# Something Wicked This Way Comes



## Milkman (Feb 2, 2006)

This is another nice body made by @nnieman over in Cavan, On.

It's a nice ash with body carves, routed for a Strat neck, Fender style trem (probably will use VegaTrem) and two humbuckers. Amanda has poured the back so far. I'm digging it.


----------



## Rollin Hand (Jul 12, 2012)

Never thought I'd say this to a guy, but that's a nice body.


----------



## Milkman (Feb 2, 2006)

Rollin Hand said:


> Never thought I'd say this to a guy, but that's a nice body.



I have to admit, I was about to make a little wise crack, but these days, I'd be bound to offend somebody.

So...thanks.


----------



## Rollin Hand (Jul 12, 2012)

Milkman said:


> I have to admit, I was about to make a little wise crack, but these days, I'd be bound to offend somebody.
> 
> So...thanks.


I am offended by your belief that I would be easily offended.

Hey, wait a minute.....


----------



## Milkman (Feb 2, 2006)

Rollin Hand said:


> I am offended by your belief that I would be easily offended.
> 
> Hey, wait a minute.....


Well, that's just your jokaphobia showing it's ugly head.


----------



## HeavyMetalDan (Oct 5, 2016)

Milkman said:


> This is another nice body made by @nnieman over in Cavan, On.
> 
> It's a nice ash with body carves, routed for a Strat neck, Fender style trem (probably will use VegaTrem) and two humbuckers. Amanda has poured the back so far. I'm digging it.
> 
> ...


Wow very cool. How was it painted?


----------



## Mark Brown (Jan 4, 2022)

I really like the runoff effect on the bottom cut on that one man. Looks sharp.


----------



## Milkman (Feb 2, 2006)

HeavyMetalDan said:


> Wow very cool. How was it painted?


Thank you,

I collaborate with my Daughter Amanda on these. She does the art and I design and build the guitars.

These two clips show her doing a previous guitar.


----------



## Milkman (Feb 2, 2006)

Mark Brown said:


> I really like the runoff effect on the bottom cut on that one man. Looks sharp.
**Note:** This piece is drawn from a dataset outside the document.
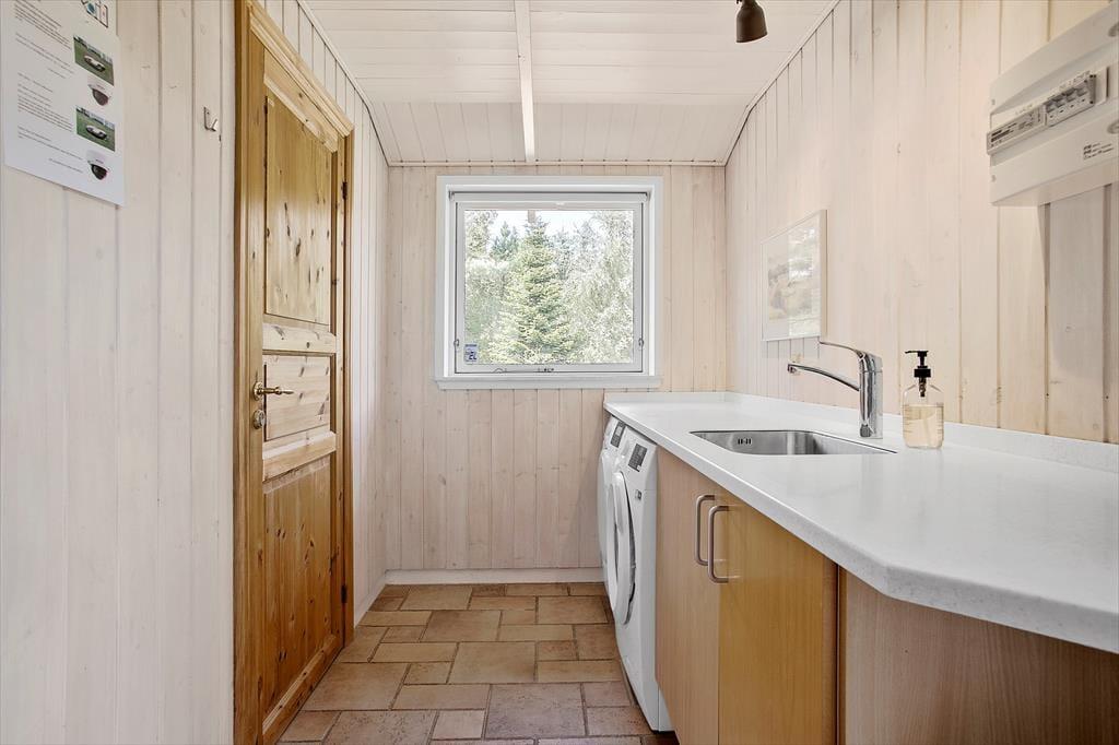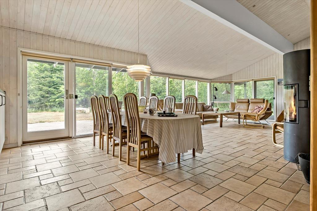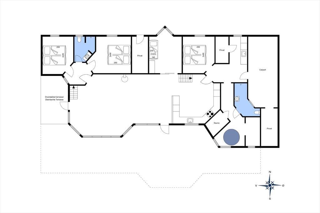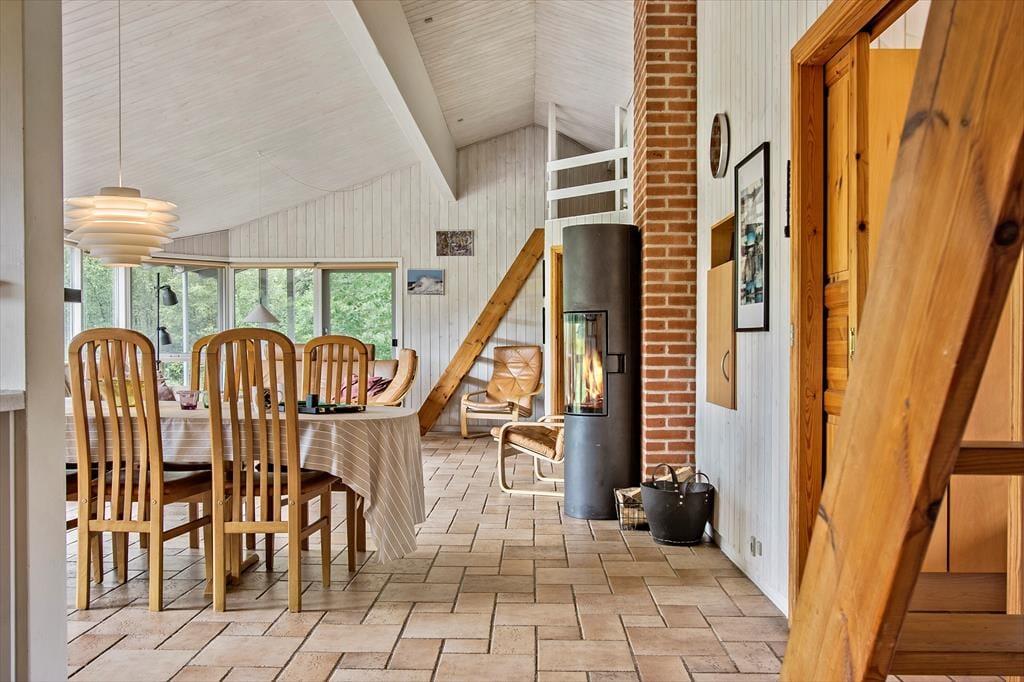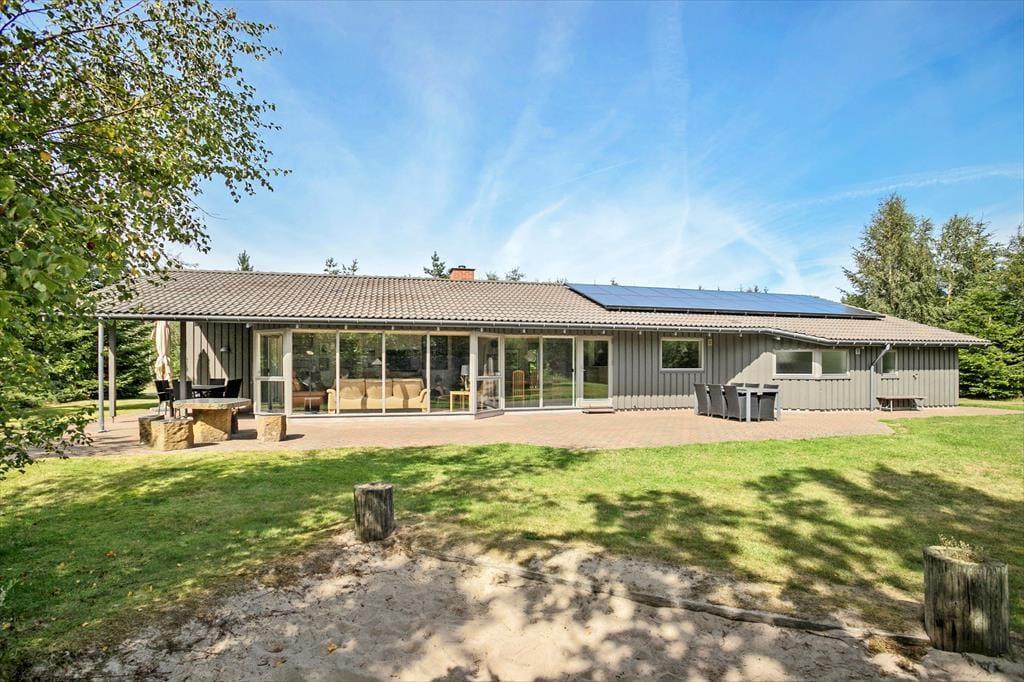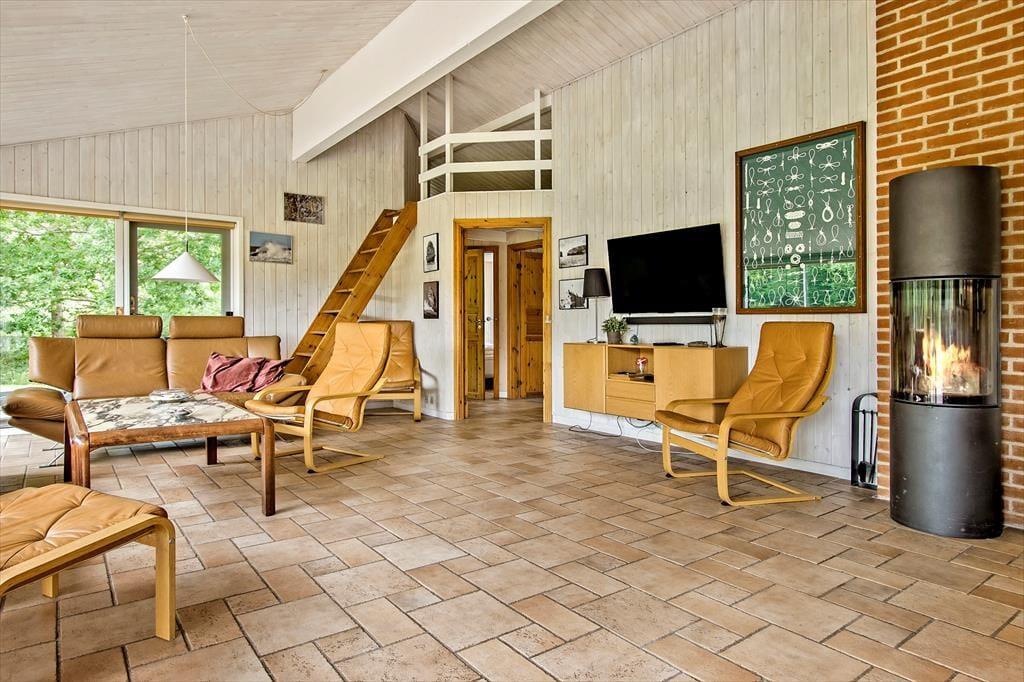 Dieses Ferienhaus ist ganz außergewöhnlich, hier gibt es wirklich die Möglichkeit den Wünschen aller Teilnehmer entgegenzukommen. Das Ferienhaus ist herrlich eingerichtet mit zwei Badezimmern, jeweils eins an jedem Ende des Hauses. An beiden Badezimmern Schließen sich Schlafmöglichkeiten an, so dass das Ferienhaus sich gut für zwei Familien eignet. Mitten im Ferienhaus befindet sich die große gut ausgestattete Küche, hier besteht die Möglichkeit zu kochen und gleichzeitig am Leben, das sich im Aufenthaltsraum um den grossen Esstisch herum abspielt, teil zu haben. Der Aufenthaltsraum liegt mitten im Ferienhaus und hat Verbindung zu allen anderen Zimmern, und ist der natürliche Sammelpunkt des Hauses. Außerdem wurde im ganzen Haus darauf Wert gelegt, dass hier die Möglichkeit zu richtig gemütlichem Zusammensein besteht. Deshalb ist eines der Zimmer an der Küche wie ein kleiner gemütlicher Aufenthaltsraum eingerichtet, wo die Kinder sitzen können und z.B. Karten spielen, Teenager mit Ihrem Computer oder die Mama mit einem richtig guten Buch. Hier ist Platz für Alles. Hier im Raum gibt es auch eine Schlafcouch, so dass die Möglichkeit besteht einen extra Schlafraum zu schaffen, wenn dieses gewünscht wird. Alle Räume sind mit einer Schiebetür ausgestattet. Alle Schlafräume sind groß und verfügen über viel Platz. Beachten Sie, dass sich vier der Schlafplätze auf Schlafböden (Hems) befinden. Diese sind besonders für Jugendliche geeignet, es gibt jedoch gute feste Treppen mit offenen Stufen hinauf. Das Ferienhaus verfügt über einen grossen Whirlpool, wo Sie richtig entspannen können. Es gibt auch einen Kaminofen, wo Sie sich es an kühlen Tagen gemütlich machen können, und möchten Sie im Verlaufe der Ferien das Internet benutzen, ist dieses natürlich auch möglich. Am Ferienhaus ist auch an die Autofahrer gedacht worden, da hier die Möglichkeit besteht das Auto am CEE Kontakt mit 16 Amp. aufzuladen.

I like that too, thanks. Kind of a black hole thing going on there.


----------



## mhammer (Nov 30, 2007)

I'm curious. Is it safe to assume that any bodies Amanda decorates/paints would NEVER have binding of any sort?


----------



## Milkman (Feb 2, 2006)

mhammer said:


> I'm curious. Is it safe to assume that any bodies Amanda decorates/paints would NEVER have binding of any sort?



Not necessarily.

The bodies I buy tend to not have binding, but it can be done.

This is an Aerodyne Strat we did for a guy down in Texas.


----------



## Mooh (Mar 7, 2007)

So very cool.


----------



## 2N1305 (Nov 2, 2009)

Milkman,

what the _heeyeck_ kinda tremolo system is that? Looks like the old Fender Elite stratocaster trem

And congrats on your work, it's so cool & trippy


----------



## Milkman (Feb 2, 2006)

2N1305 said:


> View attachment 443491
> 
> 
> Milkman,
> ...


That is a Babicz Full Contact bridge.

it works really well. And, thanks.


----------



## SWLABR (Nov 7, 2017)

Nice!
Read the the thread title and immediately thought of my buddies band, so shameless plug vid.
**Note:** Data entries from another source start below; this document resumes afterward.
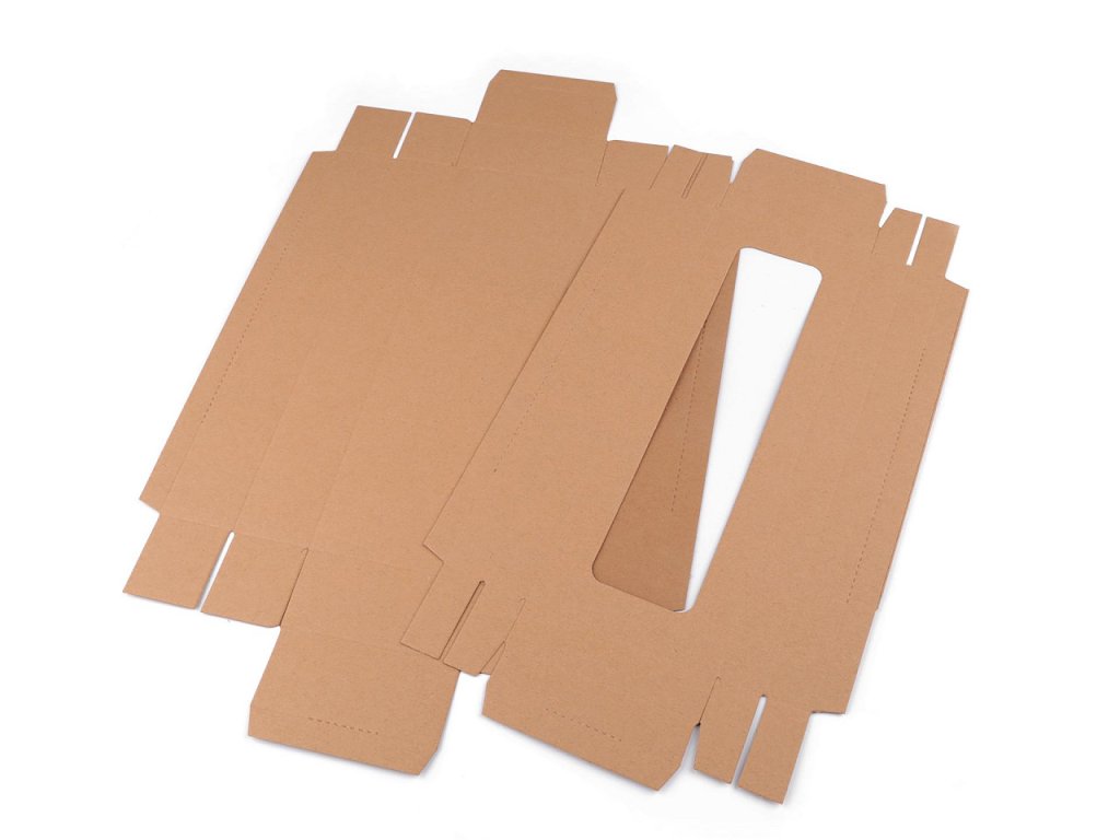 Krabici dodáváme v rozloženém stavu (horní víko - 23,5 x 43,5 cm, spodní část krabice - 31 x 51 cm). Složíte si ji jednoduše podle vyznačených ohýbacích krajů. Rozměr průhledu je 5,5 x 25,5 cm.
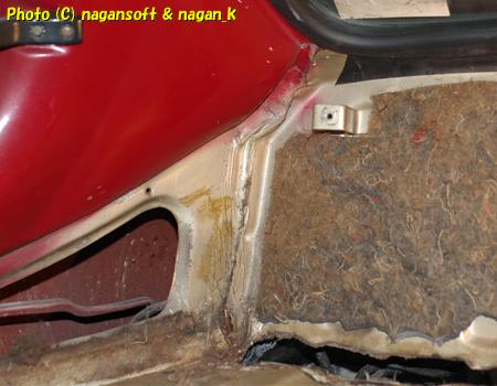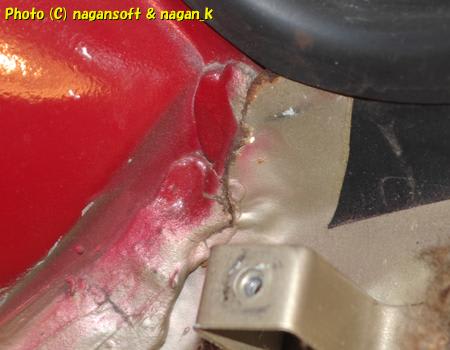 水進入の元を絶たない限り、この部位に水が来るはずなのでサビ穴を塞がないでおこうと思っていたのだけど….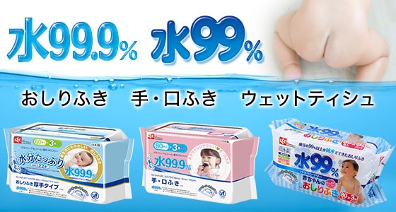 「生まれたての赤ちゃんのお肌が心配」そんなママの声から生まれたおしりふき、手・口ふきに含まれる成分は99.9%(99%)が純水!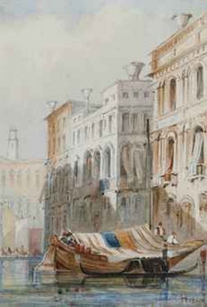 Boats moored before a Palazzo, Venice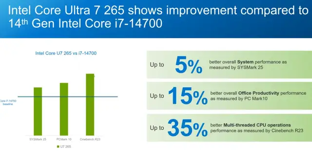 通过Cinebench R23测试,英特尔® 酷睿™ Ultra 7 265的多线程CPU操作性能相比第14代英特尔® 酷睿™ i7-14700提升了35%,在处理需要大量计算资源和多线程支持的任务时,如视频编辑、3D渲染等,能够发挥出强大的性能优势。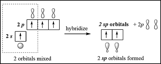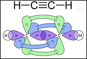 sp hydridisation in C2H2: In ethyne or acetylene molecule, both the carbon atoms undergo sp-hybridisation leaving two unhybridised orbitals. One sp hybrid orbital of one carbon atom overlaps axially with sp hybrid orbital of the other carbon atom to form C-C σ bond, while the other sp hybridised orbital of each carbon atom overlaps axially with the half-filled 1s orbital of hydrogen atoms forming σ bonds. Each of the two unhybridised p orbitals of both the carbon atoms overlap sidewise to form two π bonds between the carbon atoms. In this way, the triple bond between the two carbon atoms is made up of one σ bond (using hybrid orbitals) and two π bonds (using pure p orbitals). π bonds are always formed with unhybridised pure p orbitals.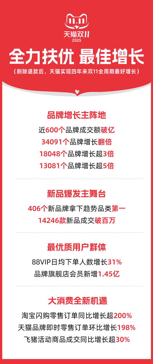今年以来,天猫提出全力扶持优质品牌和原创商家,投入战略级资源做大品牌增长。2025年天猫双11,天猫实现了四年来双11全周期最好的一次增长。天猫始终是优质品牌商家的增长主阵地,天猫双11始终是优质品牌商家全年最重要的增长机会。

Not meant to derail, but it is topically titled.






Bill ain’t much of a vocalist, but one hell of a lyricist. Cam on the baritone is one of my favourite guitar players, and the fact he’s a helluva guy, well bonus. I’ve known Joe (on the Tele) for 20+ years.


----------



## superfly (Oct 14, 2021)

wow, those look cool!

feel free to trademark the "galaxy vomit" series name for them...


----------



## mrmatt1972 (Apr 3, 2008)

I’d like to try a Vega Trem. Do you buy them from a Canadian supplier?


----------



## Milkman (Feb 2, 2006)

mrmatt1972 said:


> I’d like to try a Vega Trem. Do you buy them from a Canadian supplier?
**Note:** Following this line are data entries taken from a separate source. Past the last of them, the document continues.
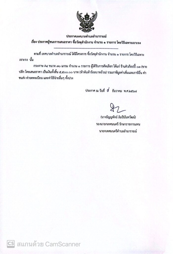 • ประกาศผู้ชนะการเสนอราคา ซื้อวัสดุสำนักงาน จำนวน 1 รายการ โดยวิธีเฉพาะเจาะจง
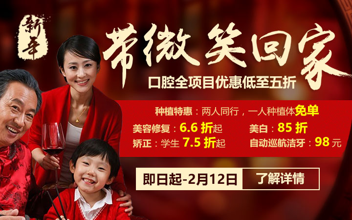 即日起——2017年2月12日,网络预约牙齿种植、牙齿美容等项目,即享康贝佳跨年美牙四重礼。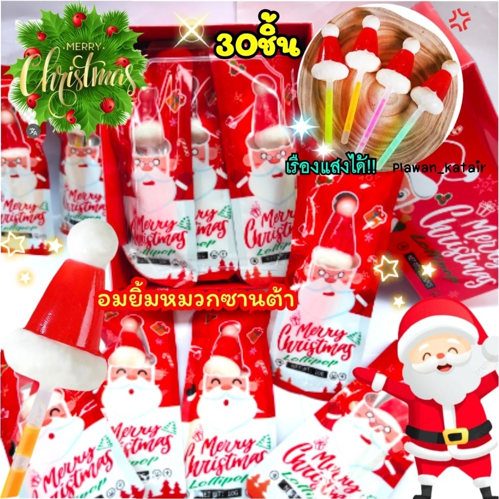 ?30ชิ้น?ลูกอม อมยิ้มรูป ???หมวกซานต้า??? ก้านเรืองแสง ในเวลากลางคืน สนุก อร่อย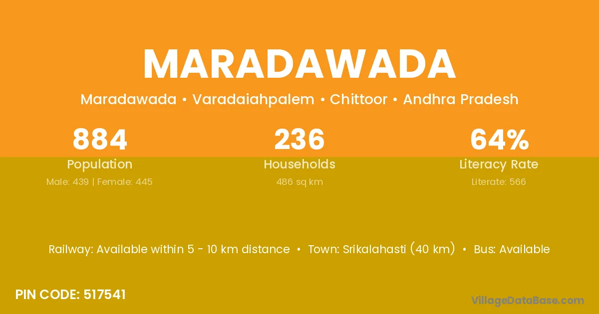 Srikalahasti (40 km) is the nearest town to Maradawada village for major economic activities and is located approximately 40 km away.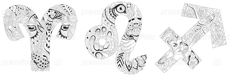Ручная роспись художественного дизайна для окраски. Ручной рисунок слов Овен, Лев и Стрелец для футболки и других украшений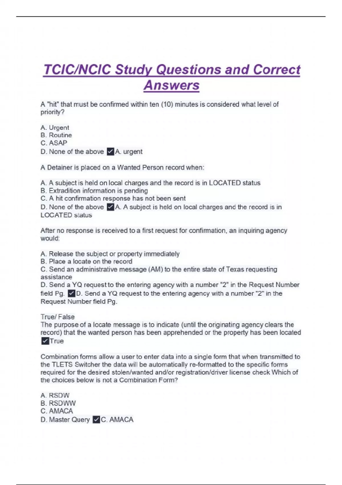 A "hit" that must be confirmed within ten (10) minutes is considered what level of priority? A. Urgent B. Routine C. ASAP D. None of the above A. urgent A Detainer is placed on a Wanted Person record when: A. A subject is held on local charges and the record is in LOCATED status B. Extradition information is pending C. A hit confirmation response has not been sent D. None of the above A. A subject is held on local charges and the record is in LOCATED status After no response is received to a first request for confirmation, an inquiring agency would: A. Release the subject or property immediately B. Place a locate on the record C. Send an administrative message (AM) to the entire state of Texas requesting assistance D. Send a YQ request to the entering agency with a number "2" in the Request Number field Pg. D. Send a YQ request to the entering agency with a number "2" in the Request Number field Pg. True/ False The purpose of a locate message is to indicate (until the originating agency clears the record) that the wanted person has been apprehended or the property has been located True Combination forms allow a user to enter data into a single form that when transmitted to the TLETS Switcher the data will be automatically re-formatted to the specific forms required for the desired stolen/wanted and/or registration/driver license check Which of the choices below is not a Combination Form? A. RSDW B. RSDWW C. AMACA D. Master Query C. AMACA The IQ format is used to check for a criminal record from a specific state. A. True B. False True A delayed hit inquiry is an administrative message ____ that is sent to the ORI of record when an inquiry, enter, or modify transaction results in a hit response. A. $.H B. $.L C. $.K D. $.E A. $H True/False The AQ transaction is used to request supplemental CHRI information not available through the normal IQ/FQ or to request information from a local agency. True When sending a Criminal History Full Record Query 'FQ' to a state, along with the two letter state code, purpose code and attention code what other field is required? A. Subject's Name B. State Identification Number C. FBI Number D. Reason Code B. State identification number True/False If a hit on a wanted person contains extradition limitations in the MIS field and the finding agency is outside the geographical area of extradition they should still place a locate on the record. False A Formal Message contains five distinct parts: A. Personnel, Agency, Radio Call Sign, Telecommunicator and Signature/Authority B. Per Requestor, Radio Call Sign, Text and Sagy Permission C. Preamble, Agency, Reference, Texas DPS and Signature/Authority D. Preamble, Address, Reference, Text and Signature/Authority D. Preamble, Address, Reference, Text and Signature/Authority The Signature/Authority of an Informal or a Formal Message: A. Must include a valediction such as "Sincerely" or "Thank you" B. Consists of the agency, the city/state and operators service C. Can include an officer's title and name or a specific division within an agency D. B & C D. B & C
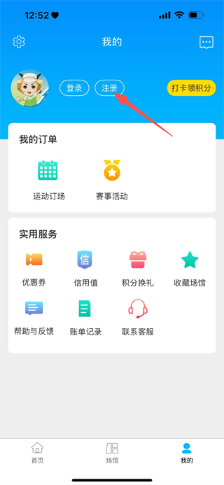 2、在我的页面,点击注册的按钮,进入注册/登录页面。

I did, but I recently learned that they are shutting down (Kittmer guitars). I'm looking for a new source. I do have friends in Barcelona who might be able to make a purchase for me. I'm thinking about asking them for a bundle price for five units.






Kittmer Guitars


Kittmer Guitars is your Canadian source for the best guitar and bass parts, upgrades, and accessories from around the world. We can help you bring out the full potential of your instrument.




kittmerguitars.ca


----------



## Milkman (Feb 2, 2006)

superfly said:


> wow, those look cool!
> 
> feel free to trademark the "galaxy vomit" series name for them...



I've heard the term "Clown Vomit" but Galaxy Vomit is a new one for me.


----------



## Milkman (Feb 2, 2006)

SWLABR said:


> Nice!
> Read the the thread title and immediately thought of my buddies band, so shameless plug vid.
> 
> Not meant to derail, but it is topically titled.
> ...



Well, very cool song, and frankly his voice is quite pleasing to my ear, very musical. He's selling it.


----------



## SWLABR (Nov 7, 2017)

Milkman said:


> Well, very cool song, and frankly his voice is quite pleasing to my ear, very musical. He's selling it.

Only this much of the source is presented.